The possible associations that ‚Why is yellow…‘ implores in just under 180 mins is endless. To say this is by no means to suggest that this is some kind of pastiche, in fact quite the opposite. ‚Why is yellow…‘ truly and completely embodies a Dadaist universe, in each fragment we discover something essential of the material world.

Before concluding, a brief reflection on a particular visual constituent of the films- miniature toys. Watching this film sometimes feels like intently observing a Manny Farber painting recalling the realisation of ‚My Budd‘ in Jean-Pierre Gorin’s Routine Pleasures (1986). These plastic/artificial parts complete the film like the painting as a “scale model of the world” (as referred to by Bill Krohn).

On a broad narrative scale, if one is concerned about navigating a nation’s significant historical period and the metamorphosis in a personal life, the film instinctively reminds us of David Perlov’s Yoman (1983).

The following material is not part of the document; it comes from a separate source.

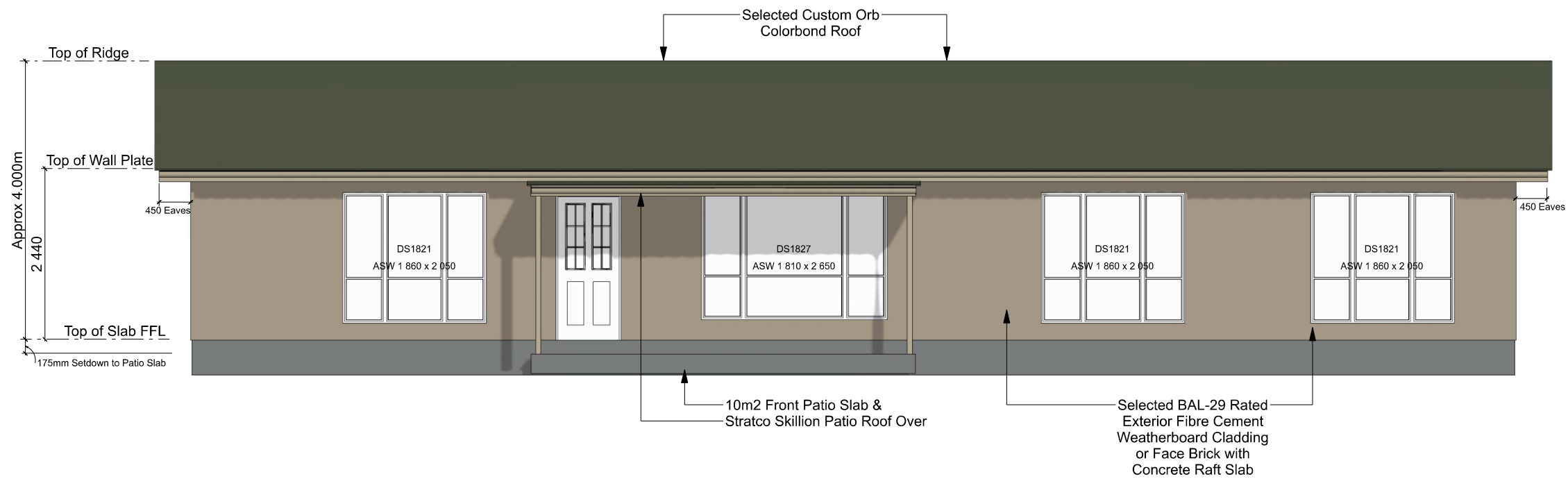
FRONT ELEVATION - 4 - 5 Bedroom - 192m2 - Residence with Ensuite SCALE: 1:75

More importantly, in the history of Cinema, a selection of notable filmmakers like William S. Hart, Charlie Chaplin, Jerry Lewis, Pierre Etaix, João César Monteiro and definitely Boris Lehman have often thrust themselves at the center of their cinematic world only to reorient us to be able to view the world uniquely. Kidlat Tahimik most definitely belongs to such a ‚tradition‘, if one can call it that.